Un poco de calor alcanzó su punto máximo en sus mejillas.
—Lo que sea. Míralos ahora. Se van a casar. Deberían darme las gracias.
Pedro le lanzó una mirada seca. —¿A cuántas otras personas has ayudado así?
Quería fingir inocencia ante la pregunta, pero ella lo sabía. Al igual Pedro. Sus acusaciones la hicieron sentir incómoda en formas que probablemente ni siquiera podía imaginar. —Mira, necesito contratar a alguien que pueda ser discreto y…

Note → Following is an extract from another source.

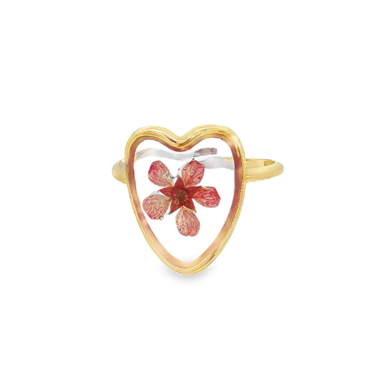 Captivez les regards avec cette bague délicate en métal doré, ornée d'une fleur séchée enchâssée dans une forme de cœur.
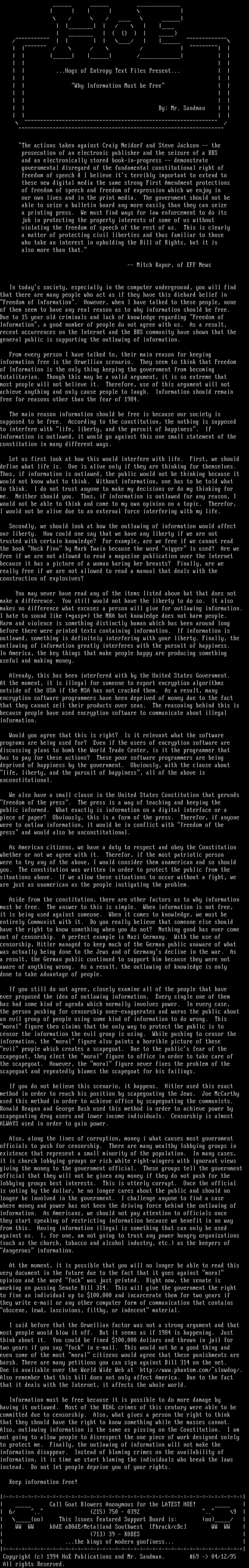 Also, outlawing information is the same as pissing on the Constitution. I am

—No puedo —interrumpió él.
—¿Qué? —Sorpresa la traspasó—. No ¿Por qué?
Las pestañas de Pedro bajaron, protegiendo sus ojos. —Hay varias razones, pero sobre todo, hay una regla que todos mis empleados manejan, al igual que yo.
—¿Cuál es?
—Bajo ninguna circunstancia tener algo con cualquiera de mis empleados, o tomar un trabajo que tenga un conflicto de intereses.
Confundida, sostuvo la carpeta más cerca de su pecho. —¿Tu hermano es un conflicto de intereses?
Negó con la cabeza, y un momento pasó antes de que respondiera. — No. No protegemos a nadie con quien queramos follar.